◆ Collected material ◆
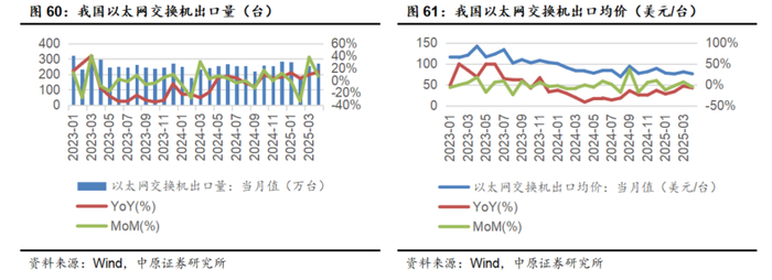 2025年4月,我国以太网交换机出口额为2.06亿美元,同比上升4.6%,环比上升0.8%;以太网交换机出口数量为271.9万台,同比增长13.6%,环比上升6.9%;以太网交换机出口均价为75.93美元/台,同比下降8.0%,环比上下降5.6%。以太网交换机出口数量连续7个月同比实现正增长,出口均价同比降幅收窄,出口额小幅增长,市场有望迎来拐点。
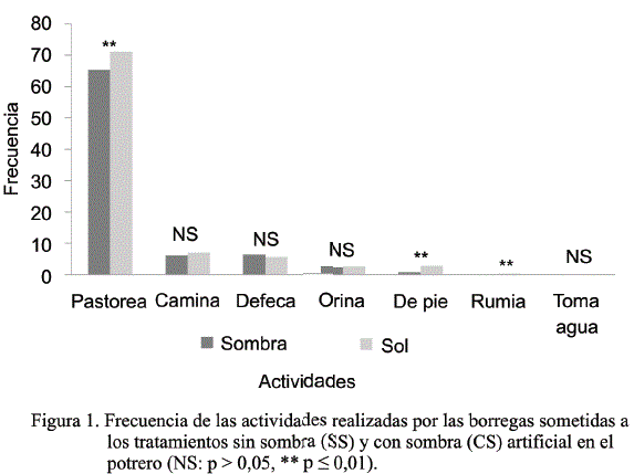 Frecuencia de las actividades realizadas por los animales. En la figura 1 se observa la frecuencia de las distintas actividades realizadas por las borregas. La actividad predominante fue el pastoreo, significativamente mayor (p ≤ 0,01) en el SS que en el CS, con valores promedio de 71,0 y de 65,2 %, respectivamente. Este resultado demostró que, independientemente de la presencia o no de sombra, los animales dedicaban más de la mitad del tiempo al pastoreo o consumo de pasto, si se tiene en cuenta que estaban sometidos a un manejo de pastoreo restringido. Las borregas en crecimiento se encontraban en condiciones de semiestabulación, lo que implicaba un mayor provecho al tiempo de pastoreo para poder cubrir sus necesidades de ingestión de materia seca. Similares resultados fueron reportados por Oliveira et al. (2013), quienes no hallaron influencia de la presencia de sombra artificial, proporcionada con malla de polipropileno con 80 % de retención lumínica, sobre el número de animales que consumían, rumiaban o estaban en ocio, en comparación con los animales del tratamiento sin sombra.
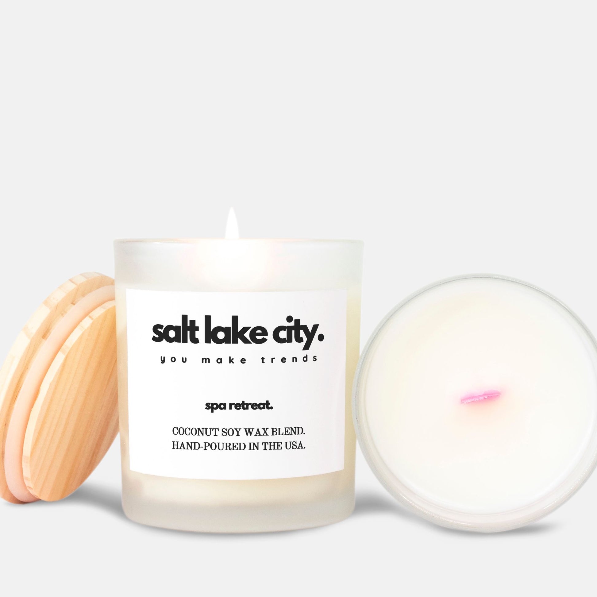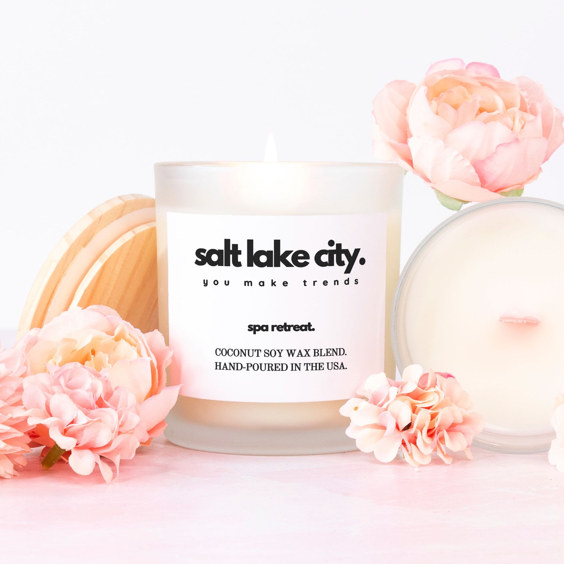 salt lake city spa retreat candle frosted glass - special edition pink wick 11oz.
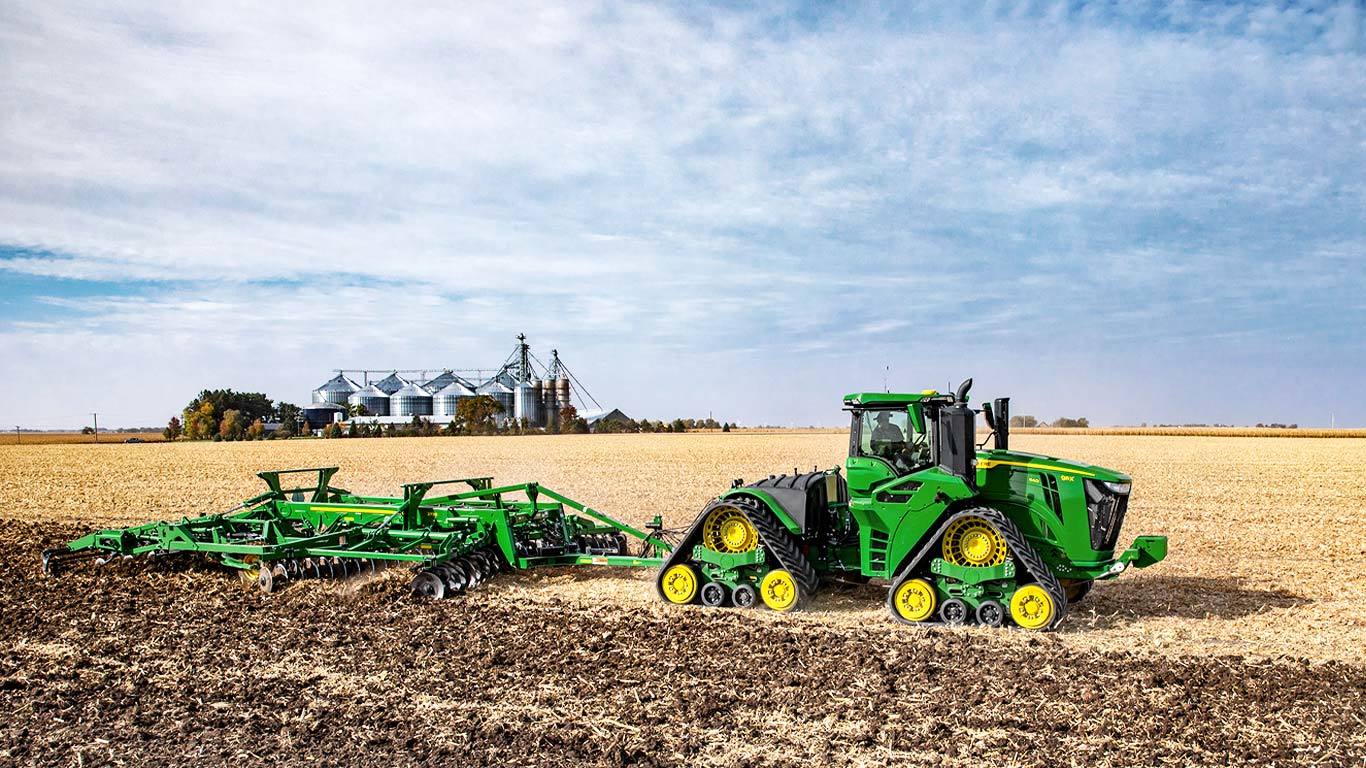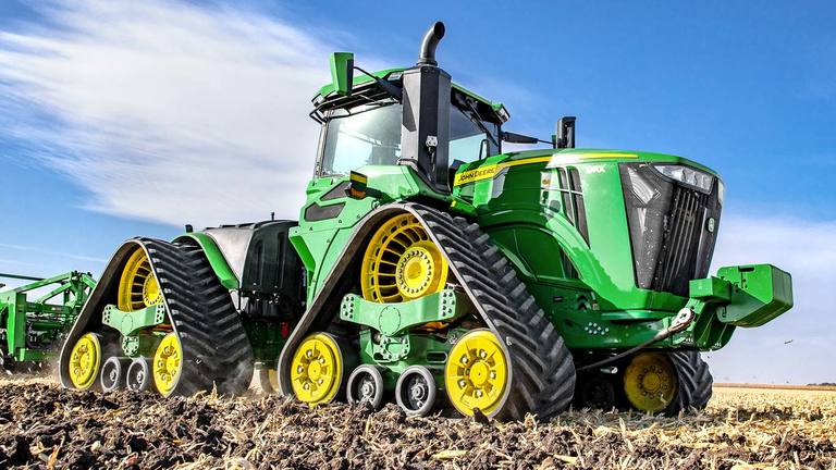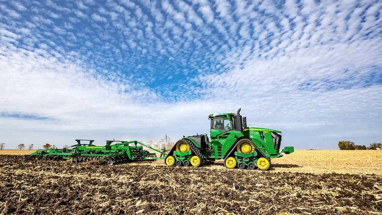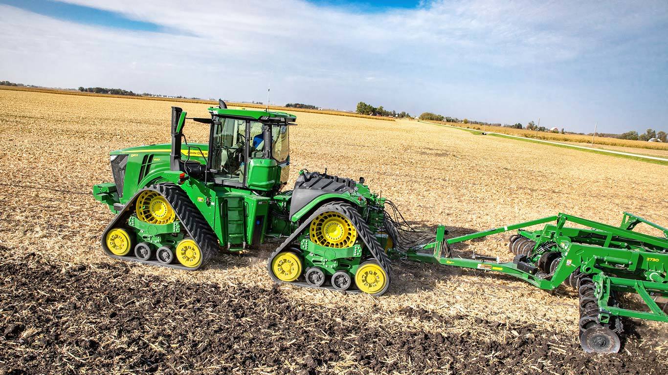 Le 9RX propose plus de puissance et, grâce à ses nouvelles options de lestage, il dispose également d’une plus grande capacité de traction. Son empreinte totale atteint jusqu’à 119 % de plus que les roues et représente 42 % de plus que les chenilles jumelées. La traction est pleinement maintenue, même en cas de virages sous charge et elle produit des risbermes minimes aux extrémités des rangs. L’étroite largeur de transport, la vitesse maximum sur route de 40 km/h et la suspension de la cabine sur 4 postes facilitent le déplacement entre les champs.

◆ Work required ◆
Go to the line containing "salt lake city", then write out word for word every line from there to the end of the listing. Keep both end lines and drop the pictures.

◆ Solution below ◆
 salt lake city spa retreat candle frosted glass - special edition pink wick 11oz.
 Le 9RX propose plus de puissance et, grâce à ses nouvelles options de lestage, il dispose également d’une plus grande capacité de traction. Son empreinte totale atteint jusqu’à 119 % de plus que les roues et représente 42 % de plus que les chenilles jumelées. La traction est pleinement maintenue, même en cas de virages sous charge et elle produit des risbermes minimes aux extrémités des rangs. L’étroite largeur de transport, la vitesse maximum sur route de 40 km/h et la suspension de la cabine sur 4 postes facilitent le déplacement entre les champs.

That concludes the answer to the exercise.